- Aim of the task: Report every line of the records below that includes the string "xiàn".

- Source material:
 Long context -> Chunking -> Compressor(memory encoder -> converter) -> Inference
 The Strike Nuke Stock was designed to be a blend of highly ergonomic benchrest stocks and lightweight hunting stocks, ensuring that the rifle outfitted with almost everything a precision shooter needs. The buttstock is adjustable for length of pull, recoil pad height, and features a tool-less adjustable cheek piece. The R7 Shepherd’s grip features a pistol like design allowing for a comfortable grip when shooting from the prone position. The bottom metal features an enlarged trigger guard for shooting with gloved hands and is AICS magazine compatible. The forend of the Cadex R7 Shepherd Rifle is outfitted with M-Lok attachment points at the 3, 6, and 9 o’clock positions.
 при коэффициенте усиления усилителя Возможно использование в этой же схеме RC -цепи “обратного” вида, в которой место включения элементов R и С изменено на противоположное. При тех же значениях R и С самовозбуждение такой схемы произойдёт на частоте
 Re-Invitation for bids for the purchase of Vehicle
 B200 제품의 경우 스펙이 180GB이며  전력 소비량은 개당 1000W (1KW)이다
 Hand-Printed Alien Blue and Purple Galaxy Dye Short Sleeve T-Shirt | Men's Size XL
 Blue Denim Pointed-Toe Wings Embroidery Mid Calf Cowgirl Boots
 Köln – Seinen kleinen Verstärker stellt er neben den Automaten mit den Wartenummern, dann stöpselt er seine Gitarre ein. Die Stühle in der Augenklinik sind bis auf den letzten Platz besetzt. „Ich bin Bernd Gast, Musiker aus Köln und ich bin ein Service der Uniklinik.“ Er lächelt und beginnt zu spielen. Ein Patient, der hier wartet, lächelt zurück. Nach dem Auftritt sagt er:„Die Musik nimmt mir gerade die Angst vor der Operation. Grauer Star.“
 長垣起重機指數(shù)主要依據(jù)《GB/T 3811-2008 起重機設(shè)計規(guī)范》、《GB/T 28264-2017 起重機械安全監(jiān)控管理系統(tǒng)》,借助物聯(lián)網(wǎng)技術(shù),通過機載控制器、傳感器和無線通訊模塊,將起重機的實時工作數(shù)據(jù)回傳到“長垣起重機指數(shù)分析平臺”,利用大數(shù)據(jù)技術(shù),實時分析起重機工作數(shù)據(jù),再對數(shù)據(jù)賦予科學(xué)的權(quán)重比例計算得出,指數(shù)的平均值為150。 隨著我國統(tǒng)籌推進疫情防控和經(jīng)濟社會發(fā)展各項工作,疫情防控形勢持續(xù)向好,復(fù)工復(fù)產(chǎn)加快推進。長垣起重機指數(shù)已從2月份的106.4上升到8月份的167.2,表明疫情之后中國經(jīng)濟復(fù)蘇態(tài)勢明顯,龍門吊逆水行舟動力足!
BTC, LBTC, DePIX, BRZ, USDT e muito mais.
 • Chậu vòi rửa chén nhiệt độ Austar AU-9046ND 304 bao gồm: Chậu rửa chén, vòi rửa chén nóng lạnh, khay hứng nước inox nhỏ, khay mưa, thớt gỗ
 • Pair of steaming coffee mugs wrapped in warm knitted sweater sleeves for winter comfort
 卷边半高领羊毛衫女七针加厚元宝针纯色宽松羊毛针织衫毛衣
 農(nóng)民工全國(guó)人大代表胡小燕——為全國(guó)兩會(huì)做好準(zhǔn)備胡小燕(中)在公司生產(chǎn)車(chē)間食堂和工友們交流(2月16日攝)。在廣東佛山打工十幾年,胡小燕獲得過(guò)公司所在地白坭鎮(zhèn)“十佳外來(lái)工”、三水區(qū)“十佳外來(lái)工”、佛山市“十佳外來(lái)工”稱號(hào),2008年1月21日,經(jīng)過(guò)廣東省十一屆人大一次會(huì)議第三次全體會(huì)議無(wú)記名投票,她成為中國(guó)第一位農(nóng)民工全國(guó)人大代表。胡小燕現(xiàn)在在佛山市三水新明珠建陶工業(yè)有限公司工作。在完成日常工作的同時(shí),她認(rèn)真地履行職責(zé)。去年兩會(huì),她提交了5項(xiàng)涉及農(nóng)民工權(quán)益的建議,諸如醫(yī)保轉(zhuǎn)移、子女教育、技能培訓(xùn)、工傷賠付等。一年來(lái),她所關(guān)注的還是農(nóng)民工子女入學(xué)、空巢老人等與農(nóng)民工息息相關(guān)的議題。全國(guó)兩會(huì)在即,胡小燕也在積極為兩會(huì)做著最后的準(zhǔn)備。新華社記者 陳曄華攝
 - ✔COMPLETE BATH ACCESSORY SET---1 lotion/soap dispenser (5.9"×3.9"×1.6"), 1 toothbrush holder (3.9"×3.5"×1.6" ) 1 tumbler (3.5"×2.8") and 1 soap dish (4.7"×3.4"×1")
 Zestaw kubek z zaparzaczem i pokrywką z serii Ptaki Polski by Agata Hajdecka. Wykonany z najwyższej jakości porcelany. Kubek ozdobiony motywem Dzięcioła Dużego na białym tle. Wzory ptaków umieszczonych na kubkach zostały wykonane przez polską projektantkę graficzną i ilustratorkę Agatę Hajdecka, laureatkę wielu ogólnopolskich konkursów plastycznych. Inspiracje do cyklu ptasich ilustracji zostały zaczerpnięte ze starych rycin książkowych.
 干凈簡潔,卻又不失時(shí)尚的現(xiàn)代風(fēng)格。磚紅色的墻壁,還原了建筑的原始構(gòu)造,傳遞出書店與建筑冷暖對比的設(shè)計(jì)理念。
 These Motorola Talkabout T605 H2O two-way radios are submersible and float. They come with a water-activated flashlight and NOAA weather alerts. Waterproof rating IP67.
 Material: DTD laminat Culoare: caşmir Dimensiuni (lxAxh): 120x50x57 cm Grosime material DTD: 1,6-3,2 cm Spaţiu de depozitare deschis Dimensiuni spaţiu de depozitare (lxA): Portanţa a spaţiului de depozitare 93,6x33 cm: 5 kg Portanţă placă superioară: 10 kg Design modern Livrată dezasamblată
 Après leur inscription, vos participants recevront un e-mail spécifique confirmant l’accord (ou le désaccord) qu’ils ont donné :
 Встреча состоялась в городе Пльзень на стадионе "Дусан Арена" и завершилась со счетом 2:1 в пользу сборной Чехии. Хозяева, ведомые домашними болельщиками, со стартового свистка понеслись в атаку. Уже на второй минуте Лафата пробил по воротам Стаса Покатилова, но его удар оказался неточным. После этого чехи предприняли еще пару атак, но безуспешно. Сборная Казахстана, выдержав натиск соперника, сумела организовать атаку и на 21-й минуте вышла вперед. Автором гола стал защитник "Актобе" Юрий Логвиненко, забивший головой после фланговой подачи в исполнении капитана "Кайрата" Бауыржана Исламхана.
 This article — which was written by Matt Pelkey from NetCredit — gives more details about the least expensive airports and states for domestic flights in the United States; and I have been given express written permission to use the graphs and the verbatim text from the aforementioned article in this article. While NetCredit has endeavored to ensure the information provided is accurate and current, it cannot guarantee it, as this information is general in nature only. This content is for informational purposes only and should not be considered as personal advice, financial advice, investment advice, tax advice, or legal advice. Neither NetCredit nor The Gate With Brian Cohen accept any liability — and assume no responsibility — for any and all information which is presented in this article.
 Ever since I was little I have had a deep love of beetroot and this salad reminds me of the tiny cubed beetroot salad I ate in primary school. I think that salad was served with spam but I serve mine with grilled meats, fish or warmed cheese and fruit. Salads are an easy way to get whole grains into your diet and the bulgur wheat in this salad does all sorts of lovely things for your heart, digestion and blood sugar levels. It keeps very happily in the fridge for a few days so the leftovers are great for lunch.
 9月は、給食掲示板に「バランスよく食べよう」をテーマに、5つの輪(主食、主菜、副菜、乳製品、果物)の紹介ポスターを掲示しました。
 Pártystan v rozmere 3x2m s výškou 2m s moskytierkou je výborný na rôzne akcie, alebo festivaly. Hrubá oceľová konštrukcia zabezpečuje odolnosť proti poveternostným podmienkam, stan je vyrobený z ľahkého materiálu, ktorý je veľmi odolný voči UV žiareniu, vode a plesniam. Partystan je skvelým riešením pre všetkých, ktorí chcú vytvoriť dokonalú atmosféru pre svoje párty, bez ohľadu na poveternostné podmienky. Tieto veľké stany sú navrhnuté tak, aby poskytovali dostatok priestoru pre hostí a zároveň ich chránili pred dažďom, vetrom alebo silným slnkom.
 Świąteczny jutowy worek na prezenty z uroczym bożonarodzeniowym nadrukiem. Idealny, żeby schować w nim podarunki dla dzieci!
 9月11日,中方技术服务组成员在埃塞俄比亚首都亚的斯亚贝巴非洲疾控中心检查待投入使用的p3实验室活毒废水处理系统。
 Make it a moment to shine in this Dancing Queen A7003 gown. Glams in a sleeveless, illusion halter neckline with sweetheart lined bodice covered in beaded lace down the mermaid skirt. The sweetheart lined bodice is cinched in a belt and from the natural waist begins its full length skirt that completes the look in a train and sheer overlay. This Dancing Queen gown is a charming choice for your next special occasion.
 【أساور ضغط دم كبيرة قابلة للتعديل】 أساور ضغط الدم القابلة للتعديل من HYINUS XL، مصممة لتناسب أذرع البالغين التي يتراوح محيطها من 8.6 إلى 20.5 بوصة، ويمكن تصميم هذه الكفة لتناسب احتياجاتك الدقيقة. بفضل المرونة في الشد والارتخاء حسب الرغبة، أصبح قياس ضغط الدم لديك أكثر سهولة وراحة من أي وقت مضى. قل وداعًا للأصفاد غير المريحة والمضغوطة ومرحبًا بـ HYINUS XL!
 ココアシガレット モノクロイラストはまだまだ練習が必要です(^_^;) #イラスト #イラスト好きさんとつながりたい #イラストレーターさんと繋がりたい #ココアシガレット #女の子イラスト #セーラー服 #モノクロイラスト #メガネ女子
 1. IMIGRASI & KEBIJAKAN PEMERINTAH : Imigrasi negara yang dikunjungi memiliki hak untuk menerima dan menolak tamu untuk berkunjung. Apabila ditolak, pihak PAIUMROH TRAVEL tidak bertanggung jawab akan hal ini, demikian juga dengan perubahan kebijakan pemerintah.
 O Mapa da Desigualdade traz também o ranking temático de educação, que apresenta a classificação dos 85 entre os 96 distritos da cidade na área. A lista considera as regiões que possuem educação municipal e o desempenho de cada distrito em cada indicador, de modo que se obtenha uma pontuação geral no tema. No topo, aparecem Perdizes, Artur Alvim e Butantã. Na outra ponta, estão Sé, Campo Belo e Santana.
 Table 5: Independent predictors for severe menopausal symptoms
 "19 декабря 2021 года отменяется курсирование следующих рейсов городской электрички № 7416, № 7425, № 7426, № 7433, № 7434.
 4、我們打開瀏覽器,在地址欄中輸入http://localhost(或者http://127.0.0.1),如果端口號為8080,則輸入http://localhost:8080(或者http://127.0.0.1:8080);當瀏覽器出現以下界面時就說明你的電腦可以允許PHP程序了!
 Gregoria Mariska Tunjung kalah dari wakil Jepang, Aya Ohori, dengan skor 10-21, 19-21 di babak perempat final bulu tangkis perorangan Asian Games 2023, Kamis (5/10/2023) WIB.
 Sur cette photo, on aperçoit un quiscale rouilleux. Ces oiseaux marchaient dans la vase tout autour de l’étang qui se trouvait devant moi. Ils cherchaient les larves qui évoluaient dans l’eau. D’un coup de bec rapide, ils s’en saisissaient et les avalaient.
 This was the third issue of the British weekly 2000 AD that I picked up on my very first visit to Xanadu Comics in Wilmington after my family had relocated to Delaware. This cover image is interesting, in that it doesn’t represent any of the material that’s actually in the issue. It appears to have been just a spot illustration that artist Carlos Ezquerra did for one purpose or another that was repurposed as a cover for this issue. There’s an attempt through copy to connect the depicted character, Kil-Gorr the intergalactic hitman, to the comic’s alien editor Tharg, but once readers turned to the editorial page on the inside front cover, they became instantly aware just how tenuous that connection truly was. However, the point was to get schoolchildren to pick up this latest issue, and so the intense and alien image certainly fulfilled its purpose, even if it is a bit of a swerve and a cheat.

- Answer for the task:
 農(nóng)民工全國(guó)人大代表胡小燕——為全國(guó)兩會(huì)做好準(zhǔn)備胡小燕(中)在公司生產(chǎn)車(chē)間食堂和工友們交流(2月16日攝)。在廣東佛山打工十幾年,胡小燕獲得過(guò)公司所在地白坭鎮(zhèn)“十佳外來(lái)工”、三水區(qū)“十佳外來(lái)工”、佛山市“十佳外來(lái)工”稱號(hào),2008年1月21日,經(jīng)過(guò)廣東省十一屆人大一次會(huì)議第三次全體會(huì)議無(wú)記名投票,她成為中國(guó)第一位農(nóng)民工全國(guó)人大代表。胡小燕現(xiàn)在在佛山市三水新明珠建陶工業(yè)有限公司工作。在完成日常工作的同時(shí),她認(rèn)真地履行職責(zé)。去年兩會(huì),她提交了5項(xiàng)涉及農(nóng)民工權(quán)益的建議,諸如醫(yī)保轉(zhuǎn)移、子女教育、技能培訓(xùn)、工傷賠付等。一年來(lái),她所關(guān)注的還是農(nóng)民工子女入學(xué)、空巢老人等與農(nóng)民工息息相關(guān)的議題。全國(guó)兩會(huì)在即,胡小燕也在積極為兩會(huì)做著最后的準(zhǔn)備。新華社記者 陳曄華攝
 干凈簡潔,卻又不失時(shí)尚的現(xiàn)代風(fēng)格。磚紅色的墻壁,還原了建筑的原始構(gòu)造,傳遞出書店與建筑冷暖對比的設(shè)計(jì)理念。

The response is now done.